I wonder if you can decipher some of these :)
We also detected some IPs and accounts that were shown CAPTCHA prompt very often but had zero success rate. We examined these cases in terms of behavioral analysis to determine the pattern for blocking such users.
After a few adjustments, we repeated the experiment with a different sample group so as to rule out the influence of the previous iteration. Our targets remained the same.
After the second experiment, we realized that we definitely need to optimize the CAPTCHA generator. Users often encountered the following issues:
- Letters were too close together.
- Colors were too faint compared to the background.
- Angling of the letters was occasionally too high, leading to confusion.
Moreover, users often confused uppercase and lowercase letters. We adjusted the character color range, made CAPTCHA case-insensitive, and tweaked other parameters.
However, the number of blocked bots has hardly dropped over two weeks. CAPTCHA couldn’t do what it was supposed to do. But we already knew how to fix this.
How to Deal with Bots?
We came up with this idea because we saw a high concentration of CAPTCHA requests for a group of users with the same IP in the first iteration of the experiment. Many bots seemed to be part of a network. In this case, a single bot could stop working when it received a CAPTCHA prompt and wait until the request rate was below the limit, while other bots in the network continued to work.

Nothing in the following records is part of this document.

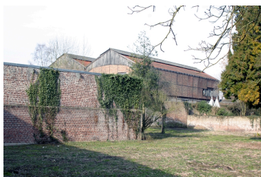
Les entrepôts vus depuis l'est.

IVR22_20050205676NUCA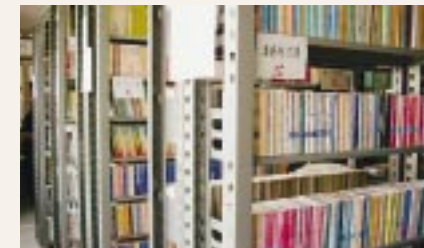
2万冊以上の本が並び

「ゆめぼほ」は、全国から寄贈された本と近隣の築館高校で不要になった本棚を利用してつくられ、現在、文学書を中心に二万冊以上の本がおかれています。本の分類・整理や本棚の運搬は、住民や地元企業の協力で行われ、地域の人々の手によってつくられた、手づくりの図書館といってもよいでしょう。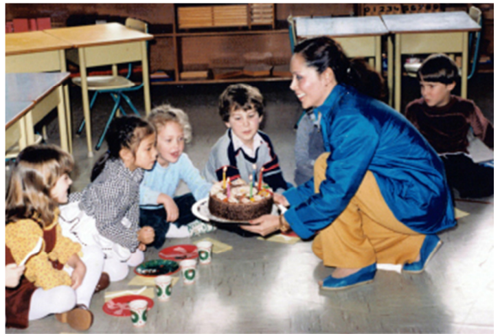
嘉心在金发小孩中间

我虽是人们眼中在职场拼杀的女强人，但是脱下套装还是个热爱烹饪的主妇。将新鲜食材精心烹饪，制作成各种美味佳肴，其过程乐趣无穷，更可让家人品尝我的手艺。全家人围坐桌旁，共聚天伦，此情此景，人生乐事！我的家，其乐融融，是我的乐土，人生的天堂。只不过苦了佣人，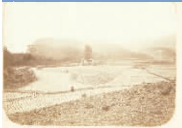
远景枫树后即青锁桥。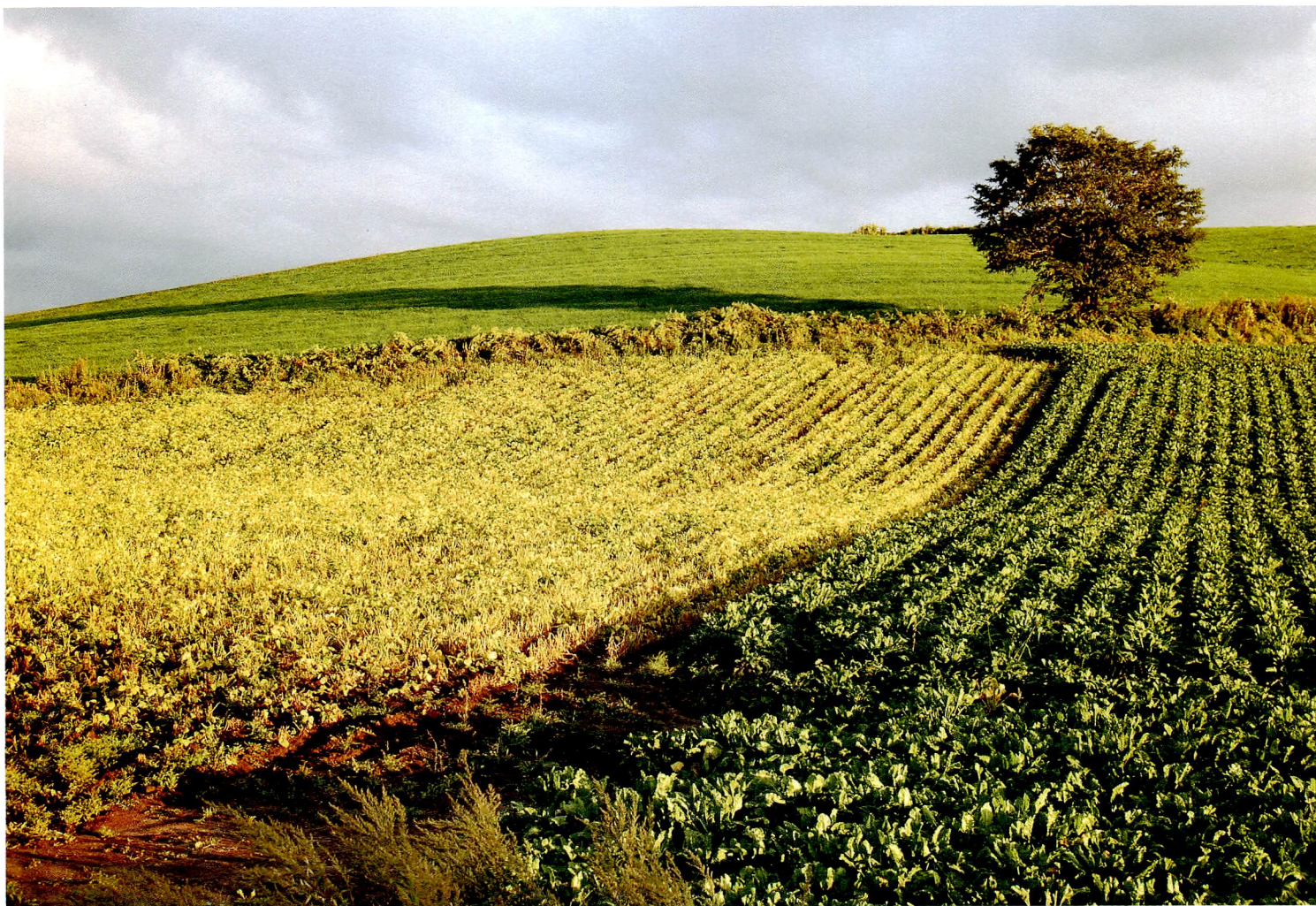
晩夏の落日（北海道美瑛町）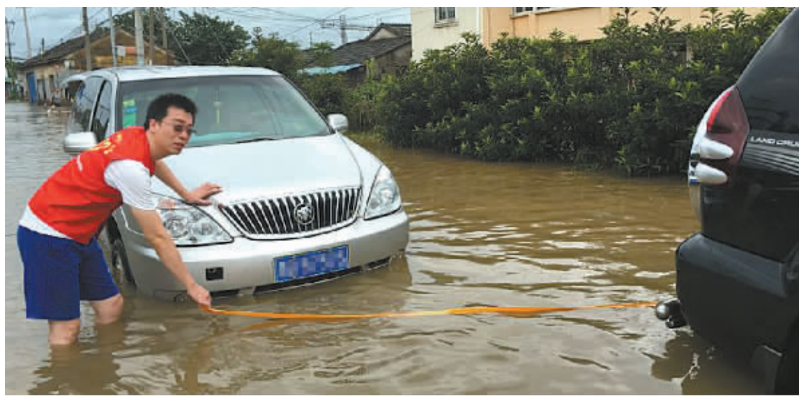
台风天，“保险方舟”在行动。

根据宁波保监局统计，今年台风“莫兰蒂”影响宁波期间，共有150名来自我市保险行业的志愿者在全市50余个积水较为严重的路段、桥洞，实行24小时专人值守，提醒过往行人、车辆注意安全，协助做好受淹车辆施救等工作。值守期间，志愿者们共劝退车辆500余辆。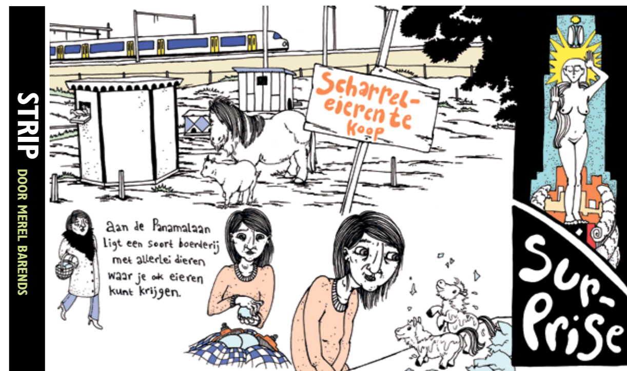
STRIP DOOR MEEL BARENDIS

Wil je ook de oude columns van Josine Marbus lezen of de columns van een van onze andere columnisten, check dan de website: www.debrugkrant.nl/columns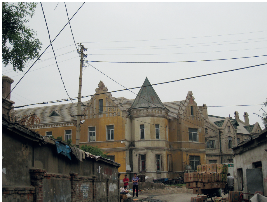
Илл. 12. Русская историческая застройка Даляня, фот. С. С. Лешко, 2009

квартала русской исторической застройки начала XX века (илл. 12–13а–d). 20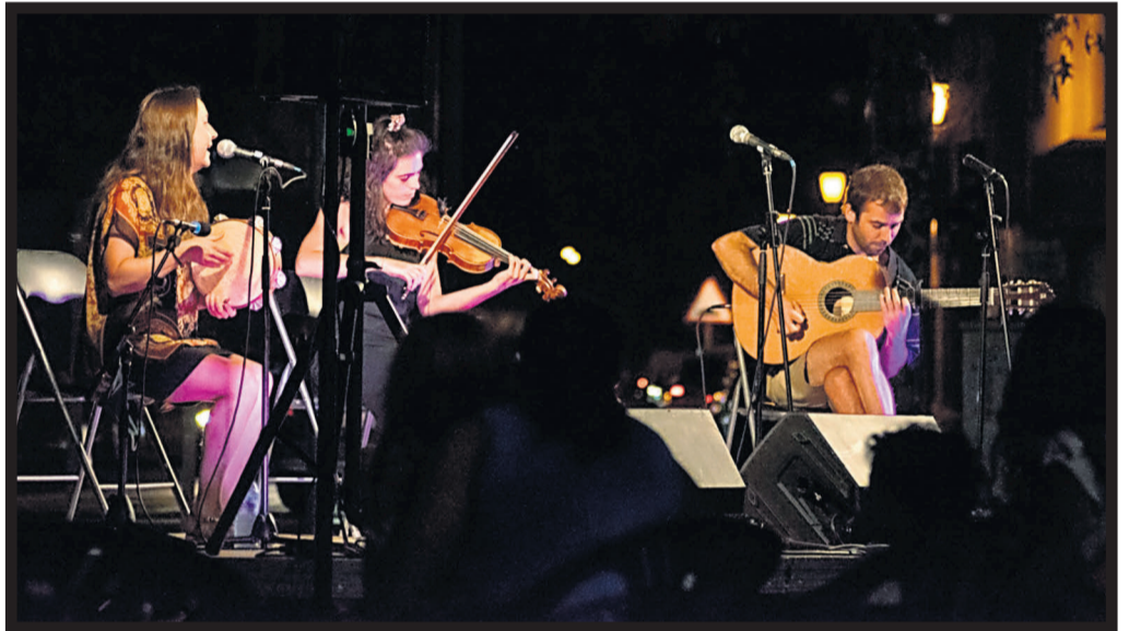
CALDO. El grupo de música durante la actuación en la praza da Mahía de Bertamiráns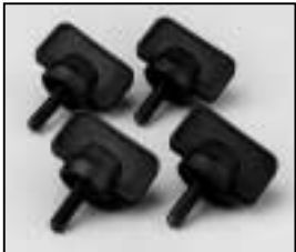
L4.79436.E Set of locking knobs Satz Arretierschrauben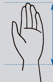
Longueur de main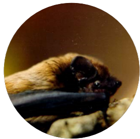
Noctule de Leisler ( Nyctalus leisleri )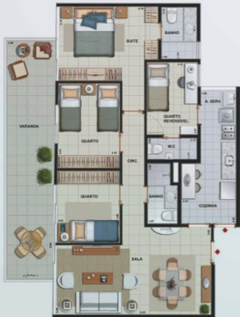
Apto. Tipo - 101 a 501

3 quartos (1 suíte) + dependência reversível Área privativa total: 106,60m 2 2 vagas na garagem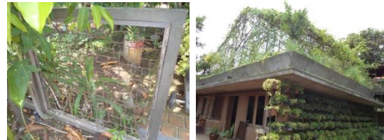
Gambar 6. Vegetasi Sebagai Atap (Kanan) dan Pagar yang Dibuat dari Paku-Paku Bekas yang Dilas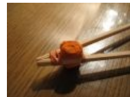
Палочки для нубов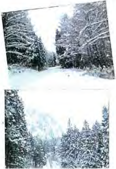
↑ 布方面へスノー散歩。(笑)

とほども雪がやむと美しい秋山郷の風景がながります。先日も観光用の早交を撮影する為一人ご誂もなない布方面の歩道まると一人の雪道散歩は最高。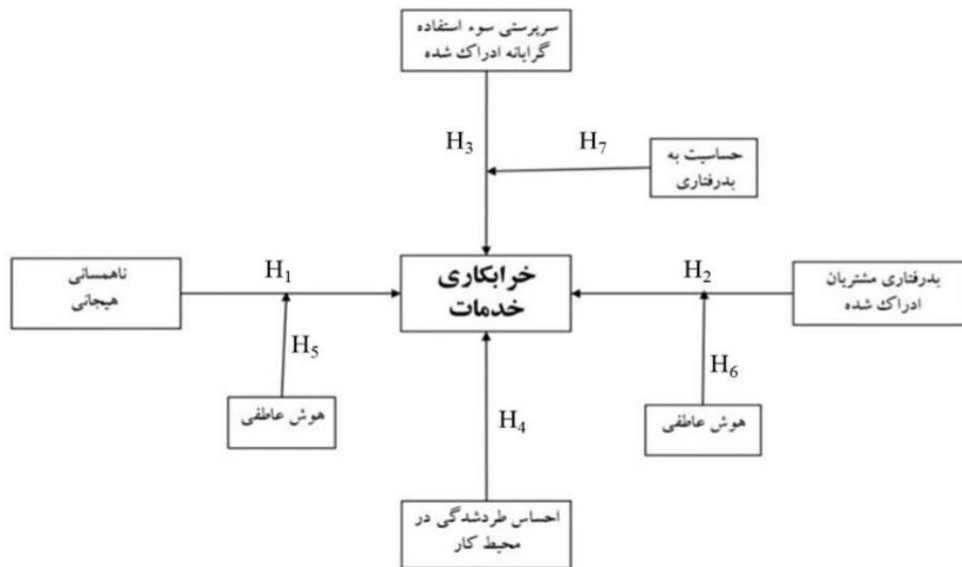
شکل ۱. مدل مفهومی اولیه پژوهش (پژوهش‌های پارک و کیم (۲۰۱۹)، ما و همکاران (۲۰۲۰)، تائو و همکاران (۲۰۱۹)، علی پور و همکاران (۲۰۲۱)، لی و اکی (۲۰۱۴)، سرور و همکاران (۲۰۲۰))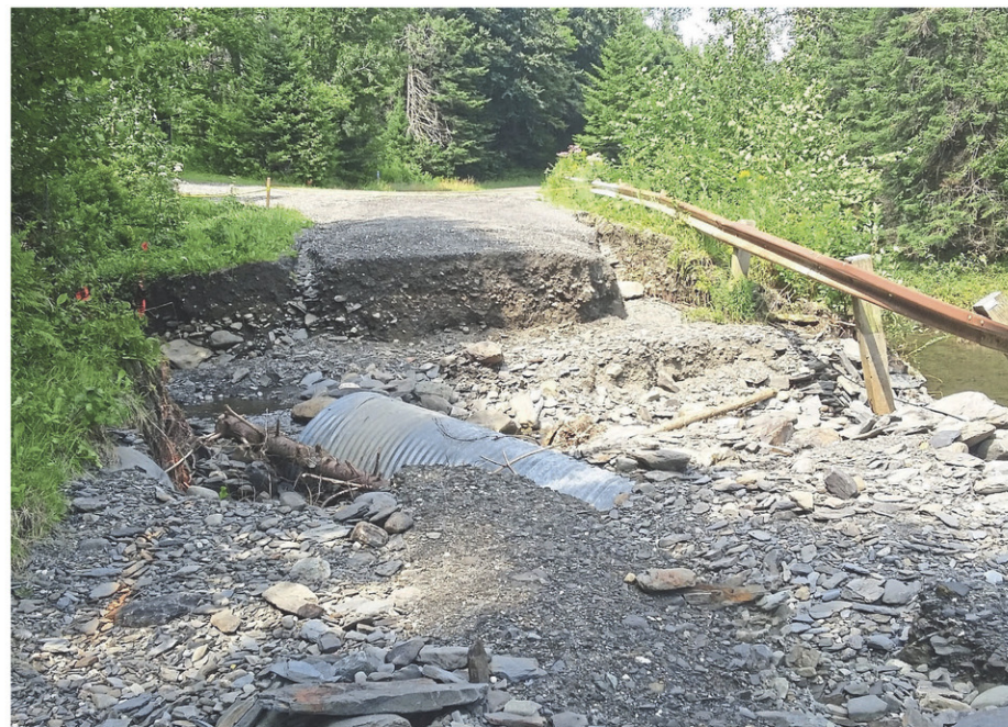
Les travaux de la route 147, en plein cœur de Compton, poussent plusieurs automobilistes à adopter certains comportements jugés dangereux.

Here’s how our IP address control mechanism works:
- Monitor request rates for IP addresses rather than just for users
- If the request rate goes over the limit, then all users with the same IP will be prompted to solve the CAPTCHA.
- If the request rate goes over the limit, new users with the same IP will also be prompted to solve the CAPTCHA.
- Each user will have to solve the CAPTCHA to regain access.
In this case, the bots will have to constantly change their IPs, but we will ban them on a new IP if they go over the limit.
Simply showing CAPTCHAs when a user exceeds the rate limit will not save the product from the scourge of bots. As you can see, we needed more advanced logic, even going as far as to temporarily block users if they refused to solve the CAPTCHA. After we launched the IP ban and ran another iteration of the A/B test, we achieved the following:
- Product metrics did not fall.
- The number of events increased twofold, compared to the control figures.
- CAPTCHA success rate was 60%.
- The number of blocked bots dropped by 40%.
We rolled out this solution for 50% of our users. Once we checked the effect of the new CAPTCHA on metrics again, we rolled it out for 100% of the audience.